[Data excerpts]
============================================================
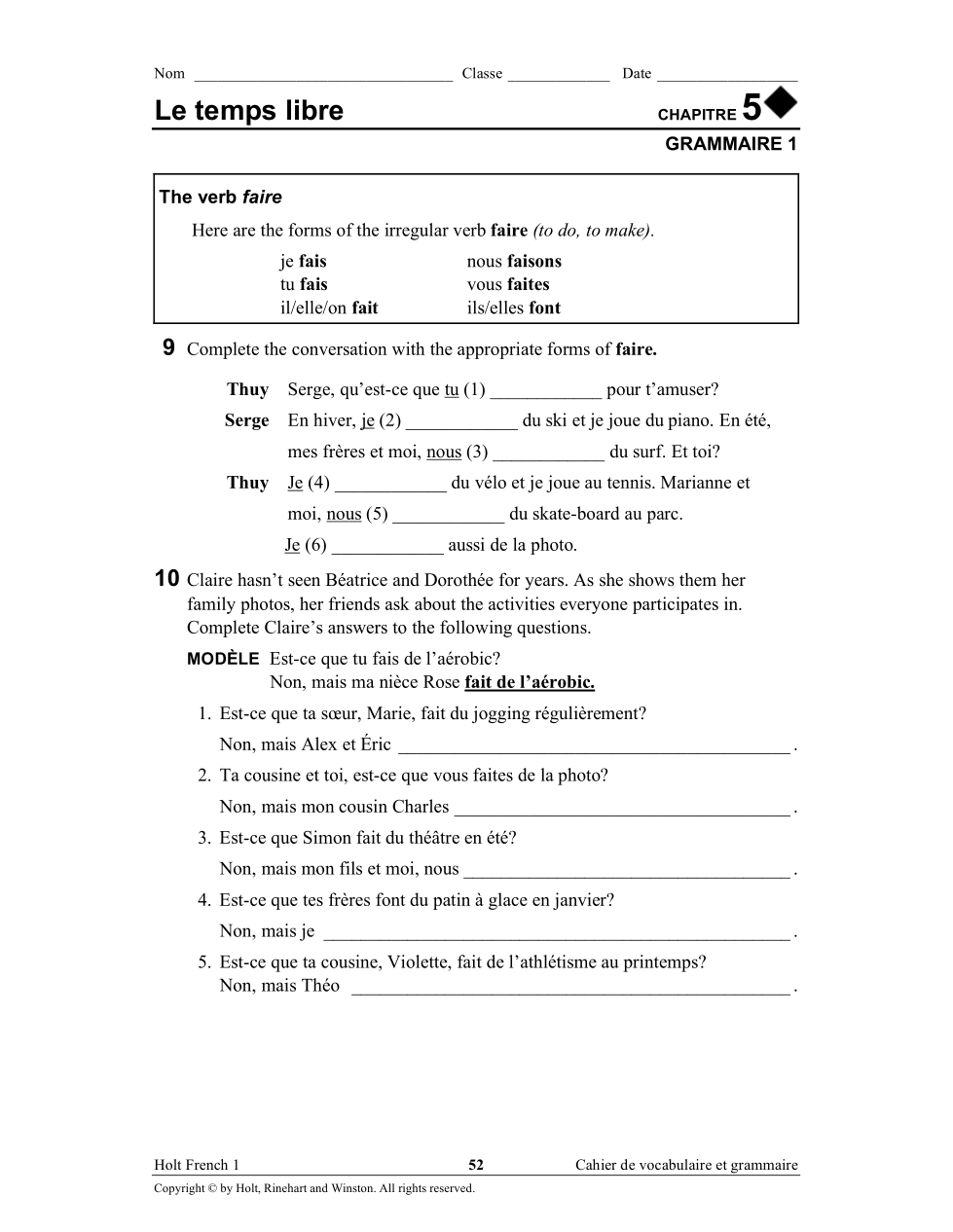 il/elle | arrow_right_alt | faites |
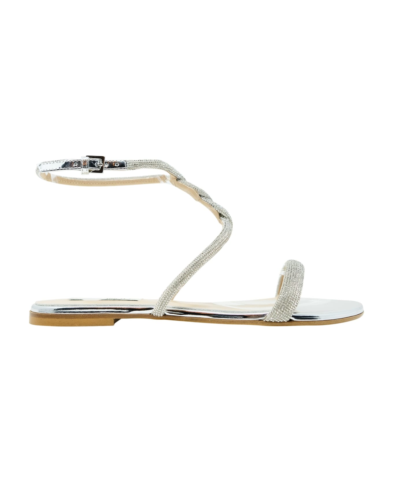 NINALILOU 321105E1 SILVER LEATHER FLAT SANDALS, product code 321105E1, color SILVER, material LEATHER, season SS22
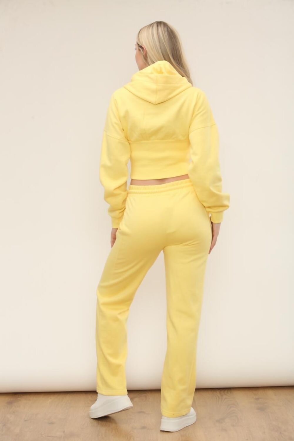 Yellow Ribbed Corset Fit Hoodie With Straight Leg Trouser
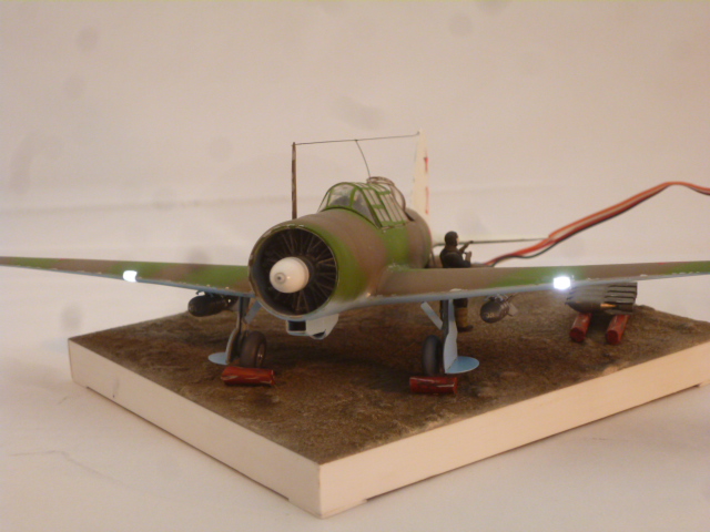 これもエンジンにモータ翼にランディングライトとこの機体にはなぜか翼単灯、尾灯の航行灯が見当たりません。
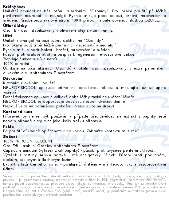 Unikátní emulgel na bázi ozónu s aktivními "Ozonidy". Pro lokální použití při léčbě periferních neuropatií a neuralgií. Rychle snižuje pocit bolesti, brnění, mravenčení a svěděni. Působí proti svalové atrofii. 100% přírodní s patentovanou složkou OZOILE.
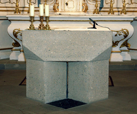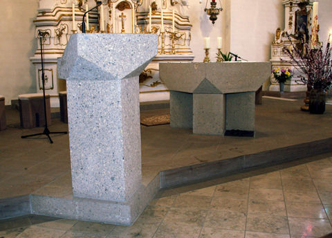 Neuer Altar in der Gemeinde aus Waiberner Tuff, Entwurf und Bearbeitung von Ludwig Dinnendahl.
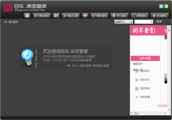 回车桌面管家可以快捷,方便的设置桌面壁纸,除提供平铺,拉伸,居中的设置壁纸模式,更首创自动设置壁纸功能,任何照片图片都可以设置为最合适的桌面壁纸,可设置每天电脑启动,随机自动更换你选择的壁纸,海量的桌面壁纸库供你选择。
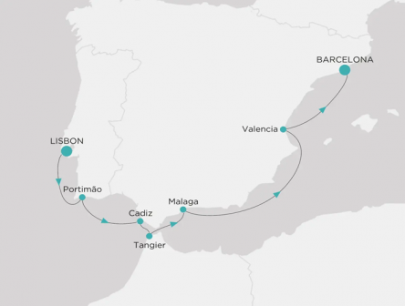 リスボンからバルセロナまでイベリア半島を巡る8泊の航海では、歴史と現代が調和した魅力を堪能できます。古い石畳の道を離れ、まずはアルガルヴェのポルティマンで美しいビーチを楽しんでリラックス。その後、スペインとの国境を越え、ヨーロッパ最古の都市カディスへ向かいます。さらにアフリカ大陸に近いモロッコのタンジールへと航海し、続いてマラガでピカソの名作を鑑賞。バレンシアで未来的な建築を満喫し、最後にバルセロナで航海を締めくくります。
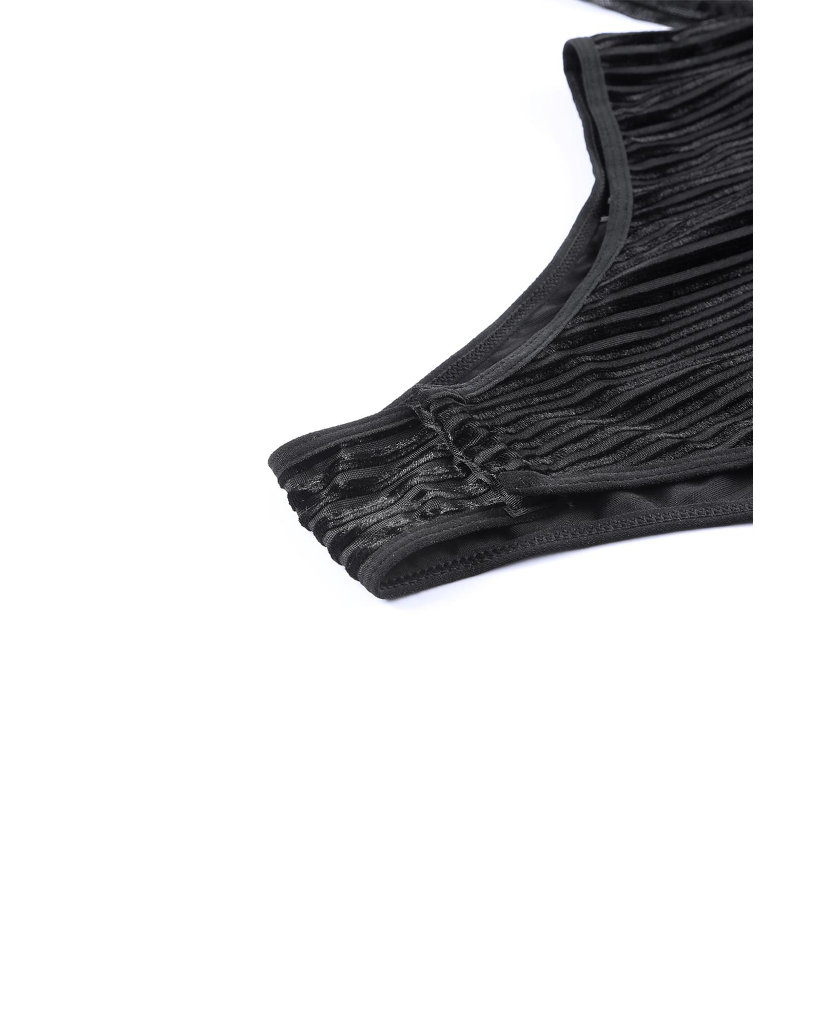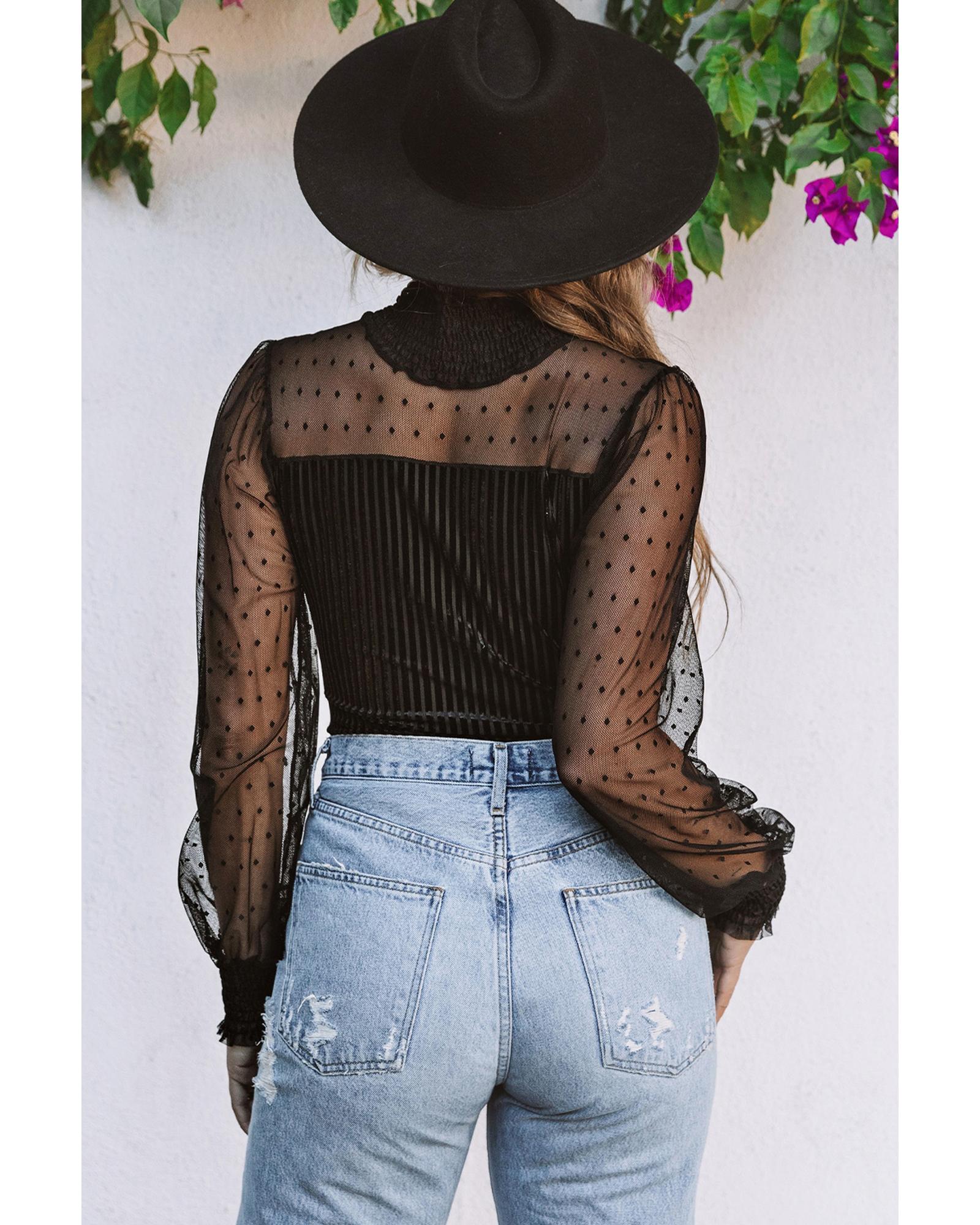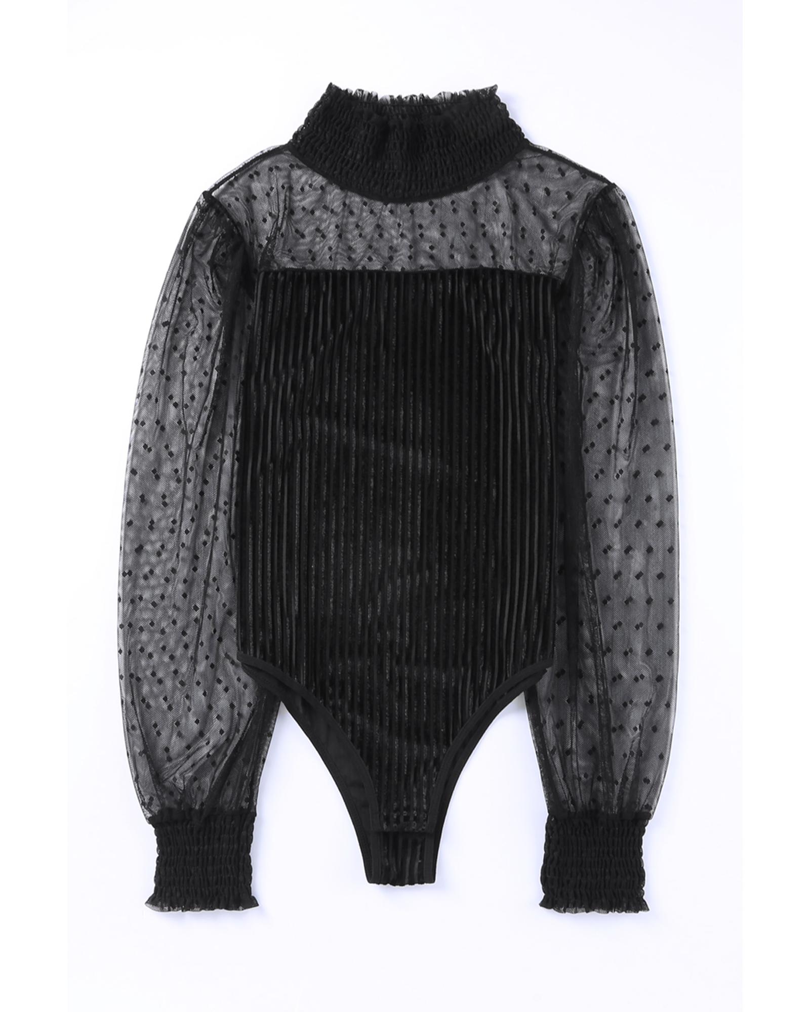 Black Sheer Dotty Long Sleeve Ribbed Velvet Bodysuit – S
============================================================
* [EXERCISE OBJECTIVE]: From the records given above, reproduce all text exactly and exclude each picture.

* [THE COMPLETED TASK]:
 il/elle | arrow_right_alt | faites |
 NINALILOU 321105E1 SILVER LEATHER FLAT SANDALS, product code 321105E1, color SILVER, material LEATHER, season SS22
 Yellow Ribbed Corset Fit Hoodie With Straight Leg Trouser
 これもエンジンにモータ翼にランディングライトとこの機体にはなぜか翼単灯、尾灯の航行灯が見当たりません。
 Unikátní emulgel na bázi ozónu s aktivními "Ozonidy". Pro lokální použití při léčbě periferních neuropatií a neuralgií. Rychle snižuje pocit bolesti, brnění, mravenčení a svěděni. Působí proti svalové atrofii. 100% přírodní s patentovanou složkou OZOILE.
 Neuer Altar in der Gemeinde aus Waiberner Tuff, Entwurf und Bearbeitung von Ludwig Dinnendahl.
 回车桌面管家可以快捷,方便的设置桌面壁纸,除提供平铺,拉伸,居中的设置壁纸模式,更首创自动设置壁纸功能,任何照片图片都可以设置为最合适的桌面壁纸,可设置每天电脑启动,随机自动更换你选择的壁纸,海量的桌面壁纸库供你选择。
 リスボンからバルセロナまでイベリア半島を巡る8泊の航海では、歴史と現代が調和した魅力を堪能できます。古い石畳の道を離れ、まずはアルガルヴェのポルティマンで美しいビーチを楽しんでリラックス。その後、スペインとの国境を越え、ヨーロッパ最古の都市カディスへ向かいます。さらにアフリカ大陸に近いモロッコのタンジールへと航海し、続いてマラガでピカソの名作を鑑賞。バレンシアで未来的な建築を満喫し、最後にバルセロナで航海を締めくくります。
 Black Sheer Dotty Long Sleeve Ribbed Velvet Bodysuit – S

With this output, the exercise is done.